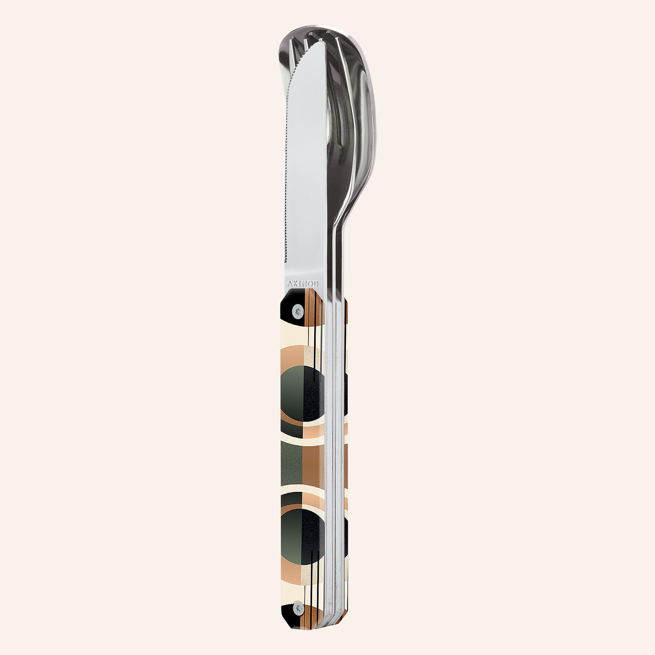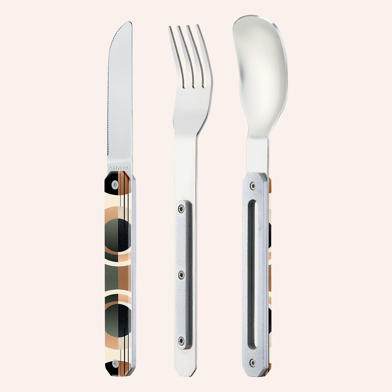 Couverts en acier inoxydable martensitique 2CR14, finition poli miroir. Composé d’une grande cuillère, d’une fourchette 4 dents et d’un couteau à lame micro dentée. Manche en polymère (PC) transparent décoré. Assemblage aimanté.
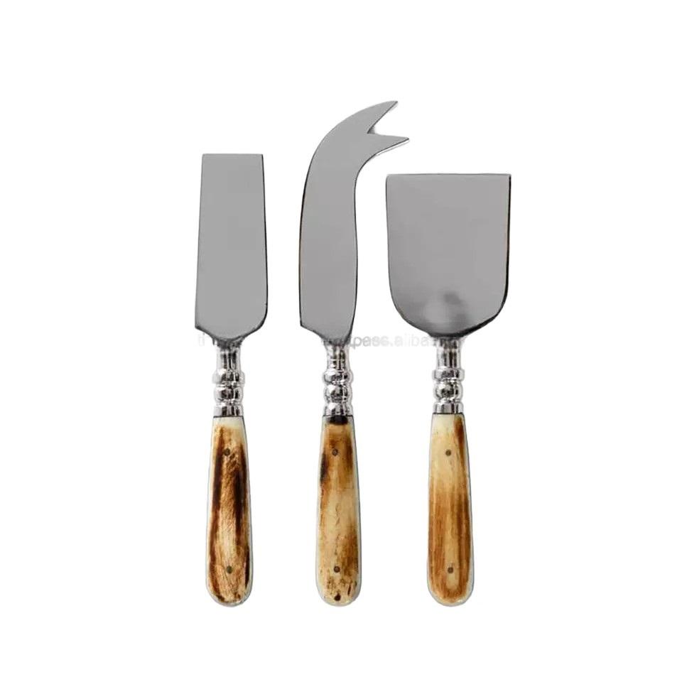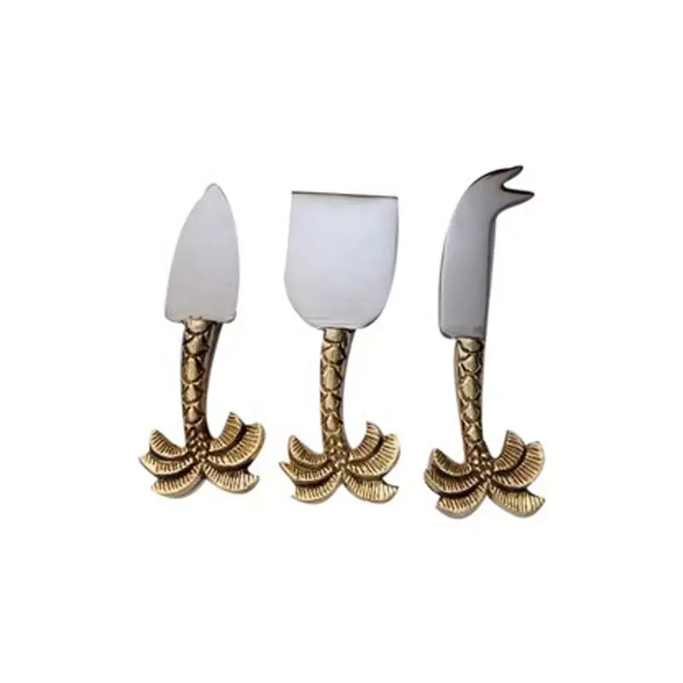 2025 New Arrival Antique Finished Silver Cheese Set Brown Design Silverware Palm Shape Brass Casted Handle Flatware Attractive
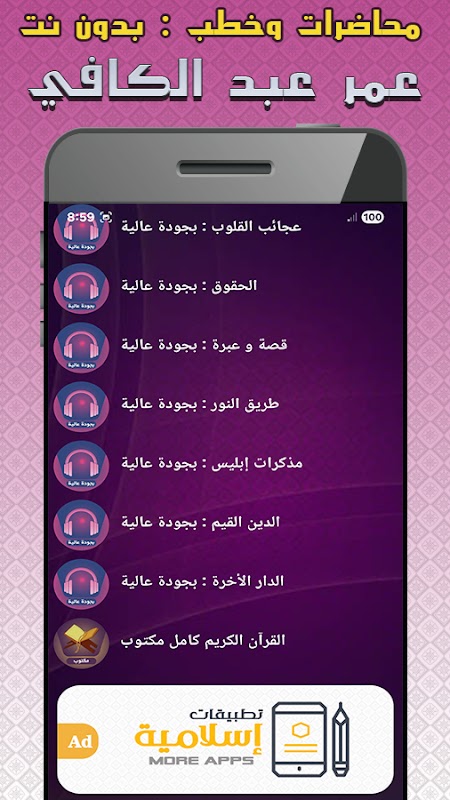 این برنامه شامل خطبه ها و سخنرانی های شیخ عمر عبدالکافی بدون دسترسی به اینترنت و بیش از 700 سخنرانی با کیفیت بالا می باشد.
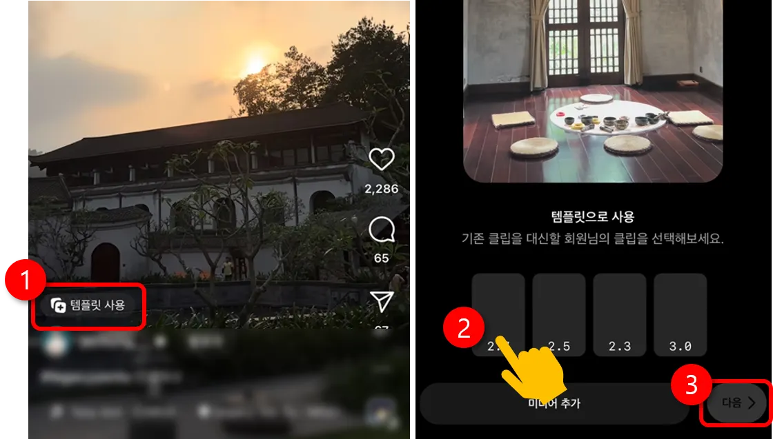 인기 많은 릴스 하단에 보시면 템플릿 기능을 활용할 수 있어요.
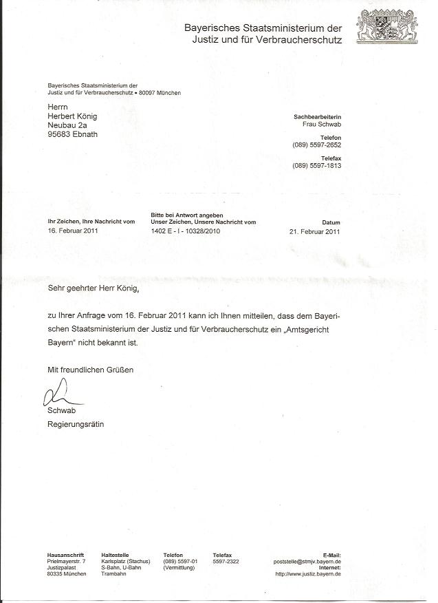 Antwort vom Bay. Staatsministerium der Justiz vom 21.2.2011 auf die Frage, ob es ein Amtsgericht Bayern gibt....
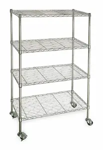Grainger 3TPA5 Wire Shelving Unit: 48 in x 24 in x 68 in, Dry, Split Sleeve, 4 Shelves, Silver
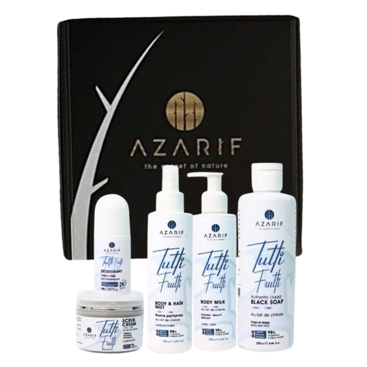 Coffret de 5 Pièces – Gamme soin du corps –Tutti Frutti Douceur Sucrée et Soin au Lait de Chèvre Chèvre
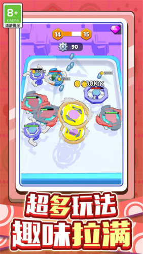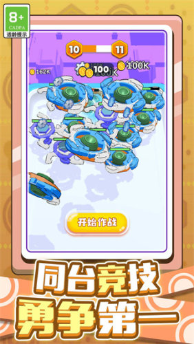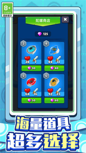 1、采用合成进化的游戏机制,只需要将两个相同的陀螺合成升级,解锁更多形态;
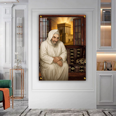 ציור של בבא סאלי על רקע בית המקדש על קנבס או זכוכית
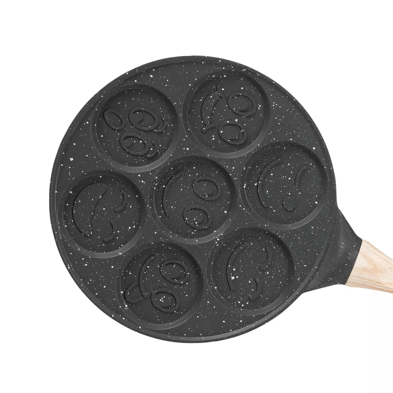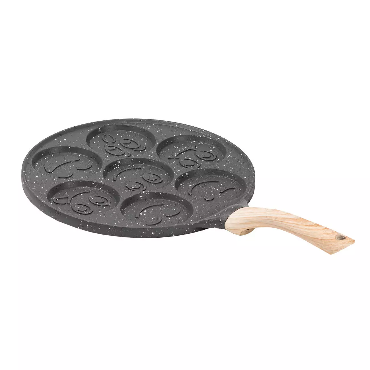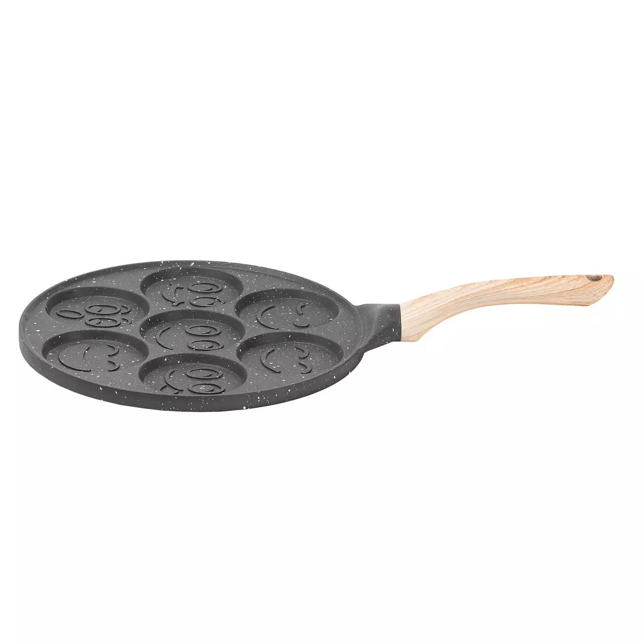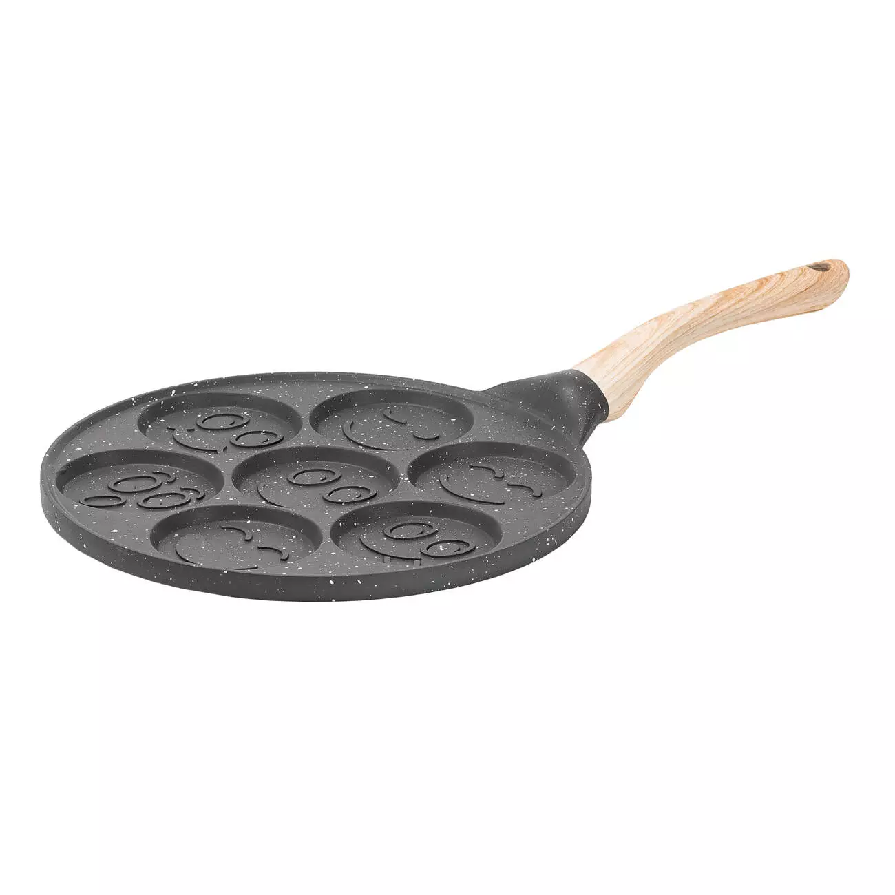 Приготування смачних панкейків стає справжнім задоволенням з цією вишуканою сковородою з антипригарним покриттям, виготовленою з високоякісного алюмінію. Її діаметр 26.5 см і товщина стінок 3 мм забезпечують відмінний розподіл тепла, що гарантує рівномірне та ефективне приготування кожної порції. Завдяки практичному дизайну, сковорода має 7 окремих секцій, кожна з яких вміщує 50 мл суміші та прикрашена милими смайлами, що робить процес приготування веселим та креативним.
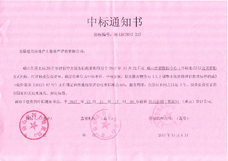 2017年11月份,公司中標碭山縣國土局2017年評估中介服務機構(gòu)采購項目,本次中標服務期限為2年。
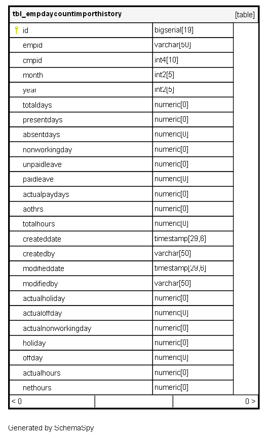 | id | bigserial | 19 | √ | nextval('tbl_empdaycountimporthistory_id_seq'::regclass) |
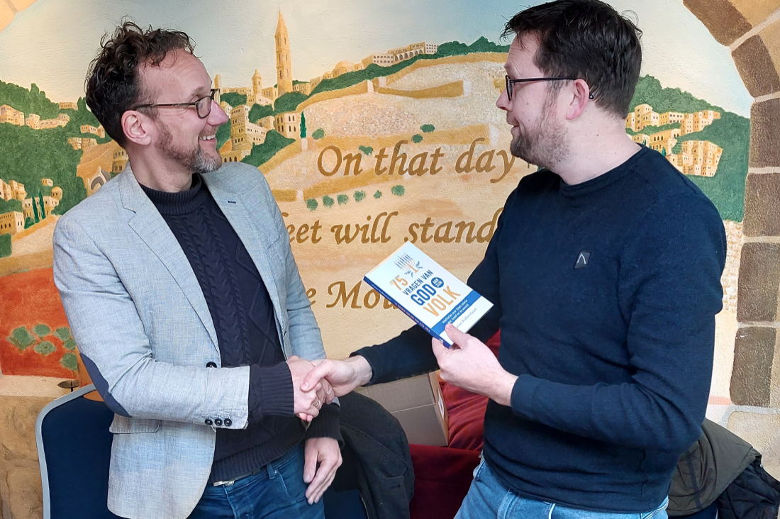 Vandaag is het eerste exemplaar van het boek ’75 vragen van God aan Zijn volk’ aan schrijver Marien overhandigd. Hij schreef het boek met het 60 jarig bestaan van de NEM en het 75 jarig bestaan van de staat Israël in het achterhoofd.

● WORK ITEM:
Whatever pictures the records hold, omit them; give again exactly the lines from the one containing "این برنامه شامل" through the one containing "Antwort vom Bay.".

● SOLUTION TO THIS TASK:
 این برنامه شامل خطبه ها و سخنرانی های شیخ عمر عبدالکافی بدون دسترسی به اینترنت و بیش از 700 سخنرانی با کیفیت بالا می باشد.
 인기 많은 릴스 하단에 보시면 템플릿 기능을 활용할 수 있어요.
 Antwort vom Bay. Staatsministerium der Justiz vom 21.2.2011 auf die Frage, ob es ein Amtsgericht Bayern gibt....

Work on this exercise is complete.